Create a new Feature called DIFFERENCE IN DATES which are the number of days between the First INCIDENT DATE and COURT FILE DATE

In [25]:
df['Incident to File Days'] = (df['Court File Date'] - df['Incident Date 1']).dt.days  #in days
df.head()

Unnamed: 0,Race,Gender,Zip Code,City,Court File Date,Count (1),Charge Code 1,Severity (1),Disposition (1),Jail/Prob 1 (1),...,Incident Agency 5,Incident Date 5,Amount,Act 1,Act 2,Act 3,Act 4,Act 5,Restitution,Incident to File Days
0,W,M,94550,Livermore,2001-05-17,1,CVC 23152(a),M,G,/0003Y,...,0,NaT,0,,,,,,,60.0
1,H,M,94804,Richmond,2006-12-27,1,PC 12031(a)(1),M,DSM,,...,0,NaT,0,,,,,,,11.0
2,,,94804,Richmond,1998-04-03,1,PC 459-460(b),F,G,/0003Y,...,0,NaT,0,,,,,,,26.0
3,B,F,94565,Pittsburg,1999-02-09,1,H&S 1135O(a),F,DSM,,...,0,NaT,0,,,,,,,820.0
4,,,4553000000,Martinez,2011-07-26,1,PC 459/460(b),F,G,/0003Y,...,0,NaT,0,,,,,,,565.0


### Jail and Probation Time Features

Jail and probation times are squished into one column, and formatted oddly.

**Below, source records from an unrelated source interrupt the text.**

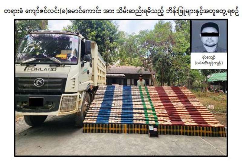 မူးယစ်ဆေးဝါးတားဆီးနှိမ်နင်းရေးရဲတပ်ဖွဲ့မှ တပ်ဖွဲ့ဝင်များပါဝင်သော ပူးပေါင်းအဖွဲ့သည် ဇန်နဝါရီ ၃ ရက် ညနေ ၅ နာရီခွဲက ကလေးဝမြို့နယ်၊ ကလေးဝ-မော်လိုက်သွားကားလမ်း၊ နန်းမော်ကယ်ကျေးရွာအနီးတွင် မော်လိုက်မြို့နယ်၊ နန်းခမ်းပါတ်သစ်တောကြိုးဝိုင်း၊ ပျဉ်းစိုက်ခင်းနေ ကျော်ဇင်လင်း (ခ) မောင်ကောင်း (၂၆) နှစ် မောင်းနှင်လာသော TNI-4 2N-Xxxx FORLAND မော်တော်ယာဉ်အား သတင်းအရ ရပ်တန့်စစ်ဆေးရှာဖွေရာ ယာဉ်ပေါ်မှ ဘိန်းဖြူ ၃၈ ဒသမ ၅ ကီလို (၎င်းဒေသ တန်ဖိုးငွေကျပ် ၁ ဒသမ ၉၂၅ ဘီလီယံ) အား ဖမ်းဆီးရမိခဲ့ပါသည်။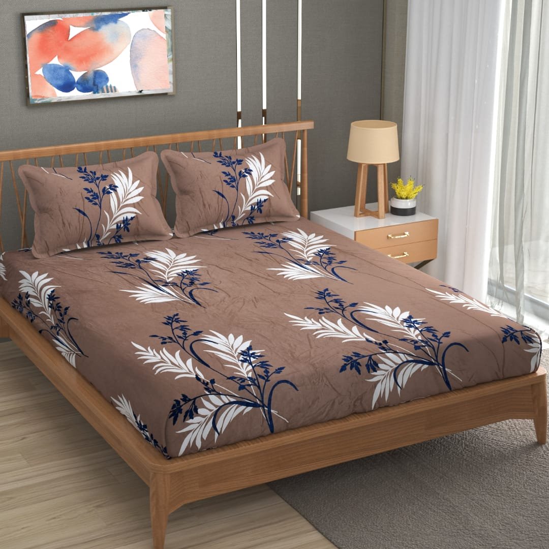 Leaves brown Winter Bedsheet with 2 Pillow Cover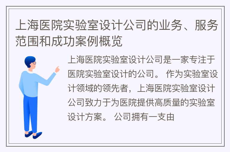 上海医院实验室设计公司的业务、服务范围和成功案例概览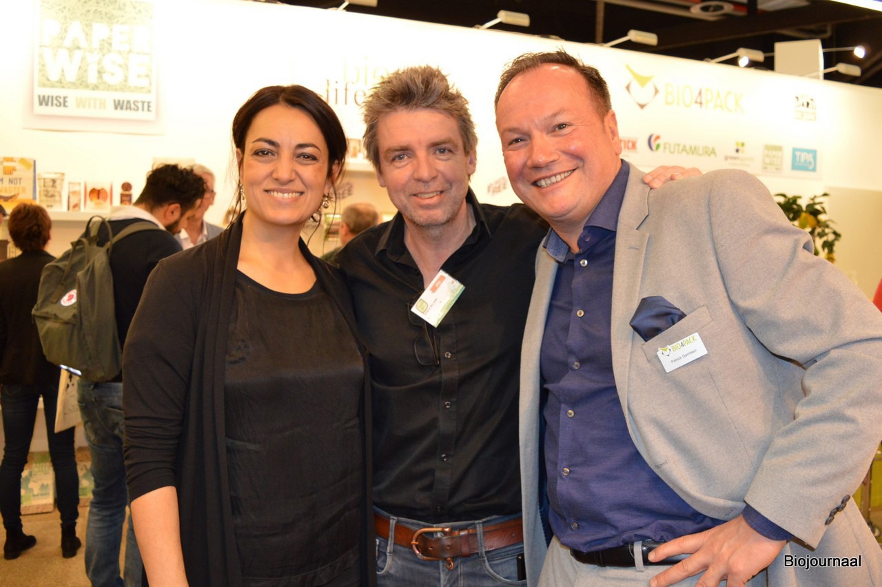 Sascha de Lint en Addy Rouwenhorst (GreenAge) met Patrick Gerritsen van Bio4Pack.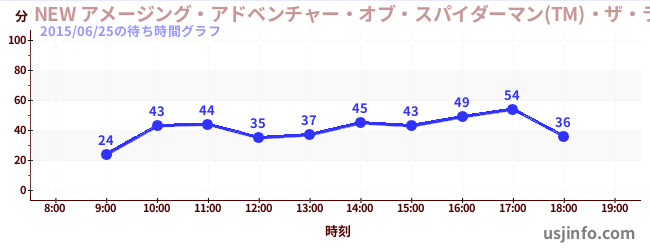 • NEW アメージング・アドベンチャー・オブ・スパイダーマン(TM)・ザ・ライド 4K3D$B$N(B2015年06月25日の待ち時間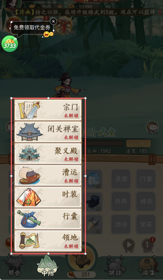 随着主线的推进,游戏中需要通过完成主线解锁门客、宗门等玩法拓展养成维度。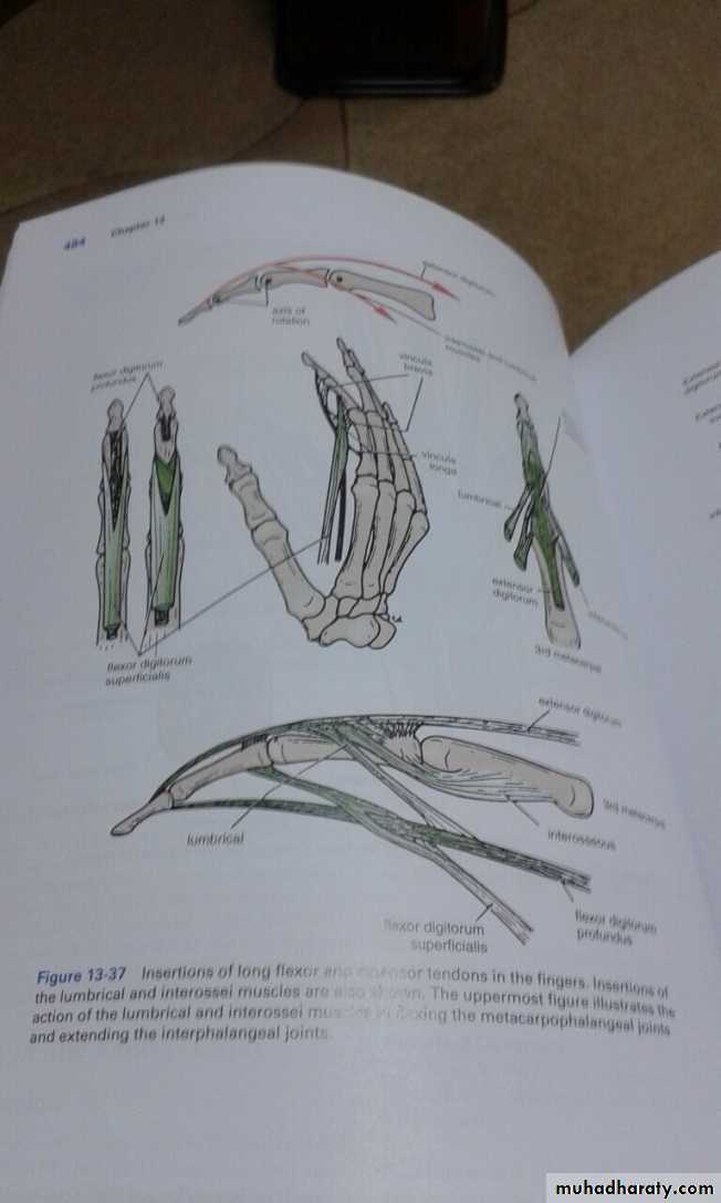 Extensor digitorum takes origin from lateral epicondyle .It gives 4 tendons to the medial four fingers on the back& insert via extensor expansion to middle & distal phalanges.

Lets create a function that will separate them, and transform them into days.

In [26]:
def TimeColumns (dframe, dataCol, JailTimeOut, ProbTimeOut):
    dframe[JailTimeOut], dframe[ProbTimeOut] = dframe[dataCol].str.split('/', 1).str  # Splits into Jail and Probation Time
    dframe[JailTimeOut] = dframe[JailTimeOut].astype(str)
    dframe[ProbTimeOut] = dframe[ProbTimeOut].astype(str)
    # df[df['Jail Time'] == ''] # gives a dataframe where "Jail time" is missing
    # df.at[0,'Jail Time'] = 'nan' # turns those values into "nan"
    # df.at[2,'Jail Time'] = 'nan' # BUT ONLY IF YOU MANUALLY INSERT THE ROW NUMBERS IN!
    # df.at[4,'Jail Time'] = 'nan' # THIS SHOULD BE AUTOMATED
    # would also probably want to double check the 'Probation Time' variables
    # This function converts the Input to number of days in jail
    def DaysInJail (value):
        try:
            last_char = value[-1]
        except IndexError:
            return(0)

        DaysPerWeek = 7.0
        DaysPerMonth = 30.0
        DaysPerYear = 365.0
    
        if last_char == 'D': 
            return (float(value[:-1])) 
        elif last_char == 'W': 
            return (float(float(value[:-1]) * DaysPerWeek))
        elif last_char == 'M':
            return (float(value[:-1]) * DaysPerMonth)
        elif last_char == 'Y':
            return (float(value[:-1]) * DaysPerYear)
        else:
            return (0)  # Returns 0 if Received No Jail Time or field was empty ('nan')
    # now apply this function to the column(s):
    dframe[JailTimeOut] = dframe[JailTimeOut].apply(DaysInJail)
    dframe[ProbTimeOut] = dframe[ProbTimeOut].apply(DaysInJail)
    return dframe

Now apply this function to ALL the Jail/Prob columns.

In [27]:
TimeColumns (df, 'Jail/Prob 1 (1)', 'Jail Time 1 (1)', 'Probation Time 1 (1)')
TimeColumns (df, 'Jail/Prob 2 (1)', 'Jail Time 2 (1)', 'Probation Time 2 (1)')
TimeColumns (df, 'Jail/Prob 3 (1)', 'Jail Time 3 (1)', 'Probation Time 3 (1)')
TimeColumns (df, 'Jail/Prob 4 (1)', 'Jail Time 4 (1)', 'Probation Time 4 (1)')
TimeColumns (df, 'Jail/Prob 5 (1)', 'Jail Time 5 (1)', 'Probation Time 5 (1)')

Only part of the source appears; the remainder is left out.